Эти наверняка ждут. Что ж, не стоит обманывать ожиданий…
Бланк сопроводительного письма рябил десятком росчерков – многие товарищи скрепили своей подписью решение, которое предстоит исполнить сегодня. Стало быть, верное решение, ошибка исключена. Осталась последняя подпись – его, Яна Лапиньша.
Еще раз пробежал глазами список – и нахмурился, зацепившись взглядом за чье-то имя. Поколебавшись, все же поднял массивную телефонную трубку.
Молодой человек в форме офицера госбезопасности возник на пороге через несколько секунд.
– Слушаю, товарищ комиссар государственной…
– Ладно. Сегодняшних – ты готовил?
– Так точно. С майором Коняевым.
– Коняева я отправил отоспаться.

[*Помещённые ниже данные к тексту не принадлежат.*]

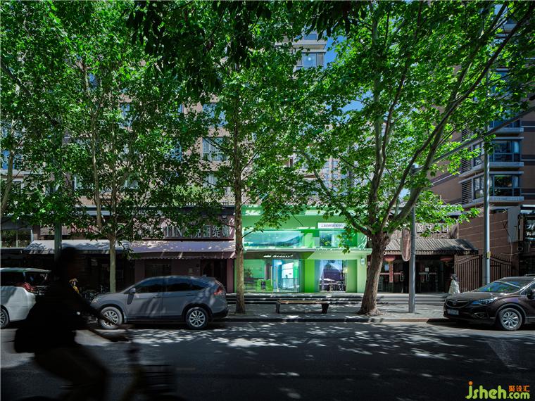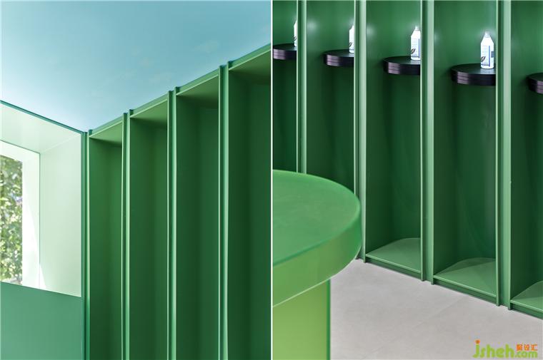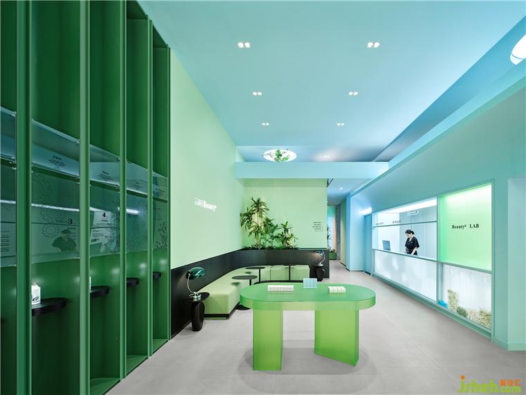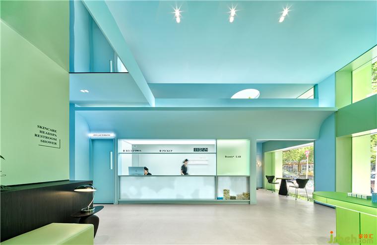目前市面上大部分的美業(yè)空間都以米白、木色,黑白為主,國(guó)內(nèi)尚無美業(yè)品牌占有強(qiáng)烈的空間色彩IP。因此我們決定大膽運(yùn)用Beauty π云朵白的VI色以搶占第一個(gè)空間色彩IP。主VI色應(yīng)用于外立面及小部分室內(nèi)空間,給人以綠色的第一品牌印象。療膚中心設(shè)計(jì)輔助色藍(lán)色大面積應(yīng)用于室內(nèi)公共空間,與綠色中和,達(dá)到自然、清爽、安靜的感受。

А ты относительно всех в курсе?
– Разумеется, товарищ комиссар государственной..
– Да оставь ты, заладил…
– В курсе, Ян Карлович. Кто именно вас интересует?
– Меня интересует именно комбриг Раковский.
– Есть такой.
– Вижу, что есть. Я спрашиваю, что на него есть?
– Все.
В полумраке Лапиньшу показалось, в глазах подчиненного мелькнула усмешка. В общем, понятная – группе военачальников, привлекаемых теперь к ответственности, инкриминировались одни и те же преступления.

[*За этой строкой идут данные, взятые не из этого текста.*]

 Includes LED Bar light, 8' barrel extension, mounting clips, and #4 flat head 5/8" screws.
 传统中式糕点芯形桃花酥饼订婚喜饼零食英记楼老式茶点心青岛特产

Лаконичное «все», таким образом, означало, что Раковский оказался замешан всюду.
Как, впрочем, большинство.
Все так.
Однако не повод для ухмылок – высшее руководство РККА, едва ли не в полном составе, – предатели!
Умные, опасные, коварно затаившиеся враги.
Теперь не до смеха.
– Извольте доложить по форме.
– Следствие располагает неопровержимыми доказательствами активного участия комбрига Раковского в организации и деятельности разветвленной военно-троцкистской организации, возглавляемой бывшим маршалом Тухачевским. Кстати, Ян Карлович, Раковский состоит с Тухачевским в близких дружеских отношениях. Служил под его началом в 1920-м, еще на Южном фронте. С той поры практически неразлучны. Академия РККА, Генштаб и, наконец, Поволжский округ.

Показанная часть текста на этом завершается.